Consider a closed system consisting of $N$ point particles, whose Lagrangian is given in the standard way, by the total kinetic energy minus the potential energy: $\mathcal{L}(\dot{q},q):= T(\dot{q}) - U(q)$.

This definition of the Lagrangian is invariant under some symmetries but not others. For example, it is preserved under spatial translations, but a Galillean boost -- in which the velocity of every particle is uniformly shifted -- does not preserve the Lagrangian because it doesn't preserve kinetic energy. A single particle moving under no external forces can have any kinetic energy greater or equal to 0.

My question is: Is it possible to formulate the principle of least action and the Euler-Lagrange equations using quantities that are invariant under boosts? For example, suppose I were to define the invariant kinetic energy, $T^*$, as the kinetic energy in the center of momentum frame (or the total kinetic energy minus the velocity of the center of mass times the total mass), and introduce a Lagrangian $\mathcal{L^*}= T^* - U$. What's wrong with the principle that legitimate motions minimize $\int \mathcal{L}^*$?

Answer 1

It sounds like you are interested in symplectic reduction procedures. On of these methods is that of Routh's procedure to eliminate cyclic variables using a Legendre transform to a reduced-variable Hamiltonian called a Routhian.
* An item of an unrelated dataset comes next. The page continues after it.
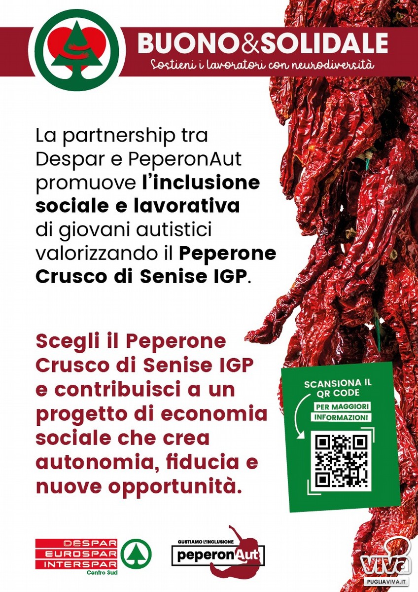 A rafforzare il valore del progetto sono previsti anche momenti di promozione in-store, durante i quali alcuni dei ragazzi coinvolti nel laboratorio PeperonAut saranno presenti nei punti vendita per incontrare i clienti, raccontare il proprio lavoro e il percorso di trasformazione dei peperoni cruschi, favorendo una relazione diretta e consapevole con il prodotto e il suo valore sociale.

Forming a variational approach may be difficult for some reduction procedures, however we can view conserved quantities as constraints on the system. In this way we can use the Dirac procedure for constrained Hamiltonians. This leads to a modified Poisson bracket called the Dirac bracket which describes the allowed region of phase space a system is allowed in.

Answer 2

While neither the Lagrangian $\mathcal{L}$ nor the action $S$ are invariant under boosts of the form $$\dot{q}(t) \to \dot{q}(t) + v, \quad v \in \mathbb{R},$$ the Euler-Lagrange equations are. The dynamics of the systems are unchanged for any transformation that preserves $\delta S = 0$, i.e. a transformation of the form $$ \mathcal{L}(q, \dot{q}, t) \to \mathcal{L}(q, \dot{q}, t) + \frac{d}{dt}f(q,t). $$ Notice that the boost in question merely adds to a total derivative to the standard Lagrangian $\mathcal{L} = T - V$, where:

$$ \mathcal{L}(q, \dot{q}, t) \to \mathcal{L}(q, \dot{q}, t) + \frac{d}{dt} \big( \frac{1}{2}mv^2 t + mvq \big). $$

Answer 3

Yes, it is, but it is not easy to know the invariant quantities beforehand, so the usual way to use it is to write down the Lagrangian in terms of any (non-necessarily invariant) quantities, and then use the principle of least action to find the invariant quantities, Nother currents, etc.